INFORMATION SHOWN:
■ ■ ■ ■ ■ ■ ■
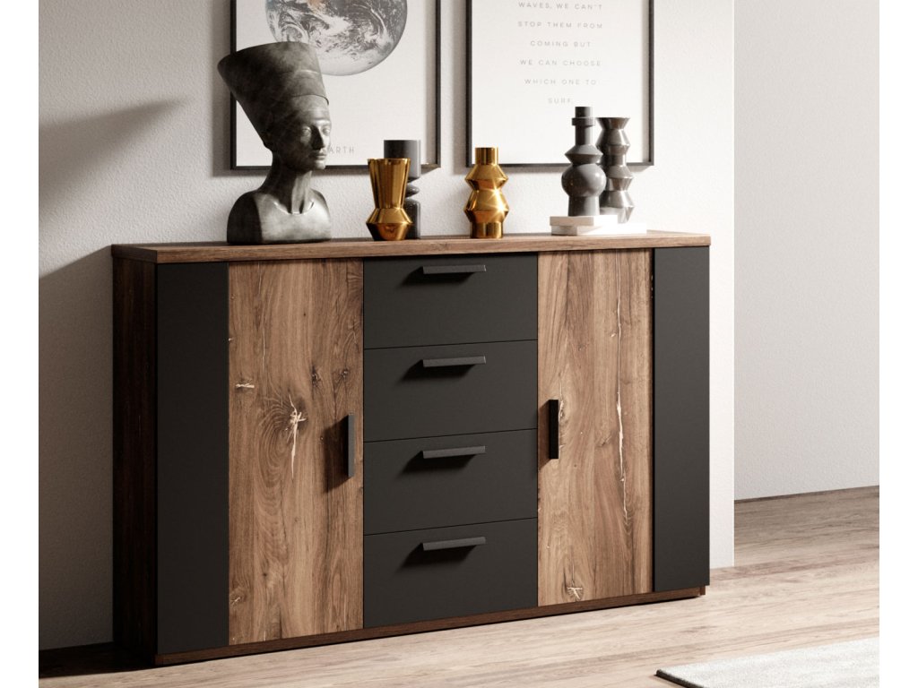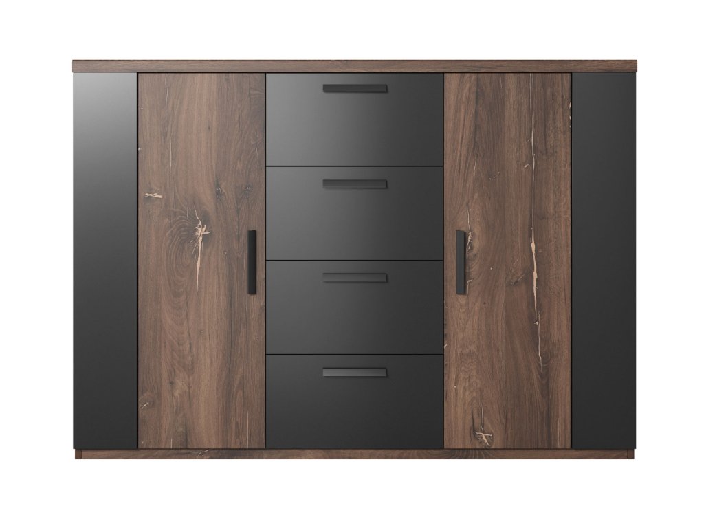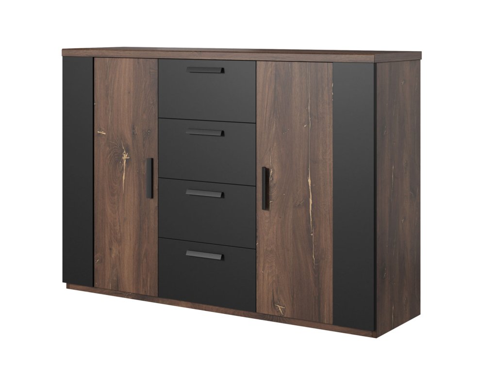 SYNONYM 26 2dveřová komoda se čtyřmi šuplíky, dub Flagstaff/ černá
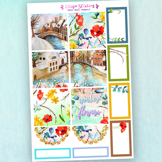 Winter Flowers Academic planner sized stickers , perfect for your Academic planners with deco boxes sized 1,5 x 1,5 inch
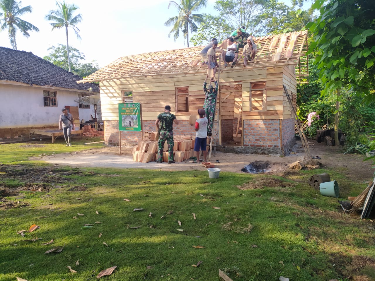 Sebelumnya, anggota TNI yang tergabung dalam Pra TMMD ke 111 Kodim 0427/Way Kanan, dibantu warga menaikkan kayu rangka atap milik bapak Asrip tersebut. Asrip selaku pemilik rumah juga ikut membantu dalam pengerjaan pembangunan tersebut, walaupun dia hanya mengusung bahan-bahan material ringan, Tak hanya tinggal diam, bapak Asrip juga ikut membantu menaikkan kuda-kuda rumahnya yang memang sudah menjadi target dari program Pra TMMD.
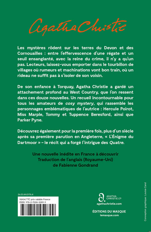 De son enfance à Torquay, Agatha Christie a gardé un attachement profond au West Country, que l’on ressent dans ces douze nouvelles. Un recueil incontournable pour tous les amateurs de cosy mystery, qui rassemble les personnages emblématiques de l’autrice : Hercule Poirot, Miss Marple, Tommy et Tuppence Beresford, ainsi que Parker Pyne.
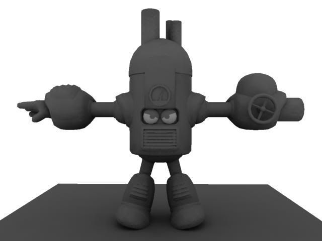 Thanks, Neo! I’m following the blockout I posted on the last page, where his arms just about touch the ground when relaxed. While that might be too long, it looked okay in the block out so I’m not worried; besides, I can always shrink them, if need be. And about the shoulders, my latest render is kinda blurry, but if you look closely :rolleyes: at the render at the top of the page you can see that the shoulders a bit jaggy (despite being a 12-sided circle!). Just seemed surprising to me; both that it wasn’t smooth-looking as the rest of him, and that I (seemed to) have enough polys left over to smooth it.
■ ■ ■ ■ ■ ■ ■
TASK OBJECTIVE: A word-for-word copy of the lines from the start of the listing through the line containing "Sebelumnya, anggota TNI" is the answer. Pictures stay out of it.

FINAL ANSWER:
 SYNONYM 26 2dveřová komoda se čtyřmi šuplíky, dub Flagstaff/ černá
 Winter Flowers Academic planner sized stickers , perfect for your Academic planners with deco boxes sized 1,5 x 1,5 inch
 Sebelumnya, anggota TNI yang tergabung dalam Pra TMMD ke 111 Kodim 0427/Way Kanan, dibantu warga menaikkan kayu rangka atap milik bapak Asrip tersebut. Asrip selaku pemilik rumah juga ikut membantu dalam pengerjaan pembangunan tersebut, walaupun dia hanya mengusung bahan-bahan material ringan, Tak hanya tinggal diam, bapak Asrip juga ikut membantu menaikkan kuda-kuda rumahnya yang memang sudah menjadi target dari program Pra TMMD.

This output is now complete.